Legal System vs. Har-Shefi
Legal affairs commentator Yair Shapira of B'Sheva notes other examples of the legal system's animosity towards Har-Shefi: Supreme Court Justice Mishael Heshin was heard saying he would "sock it to her" even before he had heard any evidence, and Parole Board Chief retired judge Eli Sharon refused to grant parole because Margalit did not express sufficient remorse.

However, possibly most blatant of Shapira's list is the ruling in 2005 by Judge Tawfiq Katili, head of the Nazareth Magistrates' Court, acquitting Yassera Bakri - an Arab woman from the Galilee - of charges that she failed to stop a terrorist attack. In 2002, Bakri had been sitting on a bus that later blew up near Tzfat, killing nine people; she got off when an Arab man sitting near her motioned her to get off because "it's going to be a mess here." She told another Arab friend to get off as well, and, without calling the police, they took a taxi to their nursing classes in Tzfat.

Judge Katili found Bakri totally innocent, and provided an original explanation as to why the case was totally different than the Har-Shefi case: "There is an essential difference between this case and that of Margalit Har-Shefi.
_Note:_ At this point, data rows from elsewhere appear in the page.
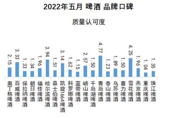 質量認可度方面,青島啤酒、雪花啤酒、哈爾濱啤酒位居前三。百威啤酒、凱旋1664啤酒、嶗山啤酒、奧丁格啤酒、福佳啤酒、燕京啤酒、烏蘇啤酒分列第四至第十位。
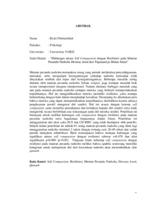 Febrinabilah, Rizki (2016) HUBUNGAN ANTARA SELF COMPASSION DENGAN RESILIENSI PADA MANTAN PECANDU NARKOBA DEWASA AWAL DAN TINJAUANNYA DALAM ISLAM. Diploma thesis, Universitas YARSI.
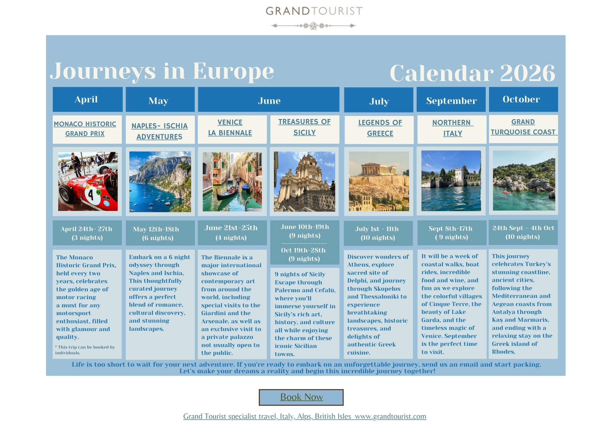 Why not join us for this year’s Venice Biennale or perhaps Northern Italy’s lakes and Cinque Terre villages. Later in the summer we’ll be on Turkiye’s Turquoise Coast or perhaos the Legends of Greece, including fabulous Delphi is more up your street.

First of all, Har-Shefi wanted the murder to happen [italics added - ed.], while the defendant in this case did not want the attack to happen and was not connected to it... Secondly, Amir was known to Har-Shefi and showed her over a period of time what he planned to do, while in this case, the indications by the criminal were not 100% clear, were done only once, only took a few minutes, and left many doubts in the defendant's heart..."

Questions About the Assassination
Yigal Amir was convicted of murdering Yitzchak Rabin in 1995, and is serving a life sentence in solitary confinement. Among the many who have doubts about the official version of the assassination are Rabin's daughter Dalia Rabin-Pilosoph.  In November 1999, she told a magazine about some of her questions: "Who shouted, 'These are blanks!'? Why didn't the Shamgar Commission [investigating the killing] determine who shouted that the shots fired were blank cartridges?... Why was my mother driven away in a different car when [my father] was driven to the hospital? Why did they tell her that it was an exercise?... Why didn't they kill the assassin?"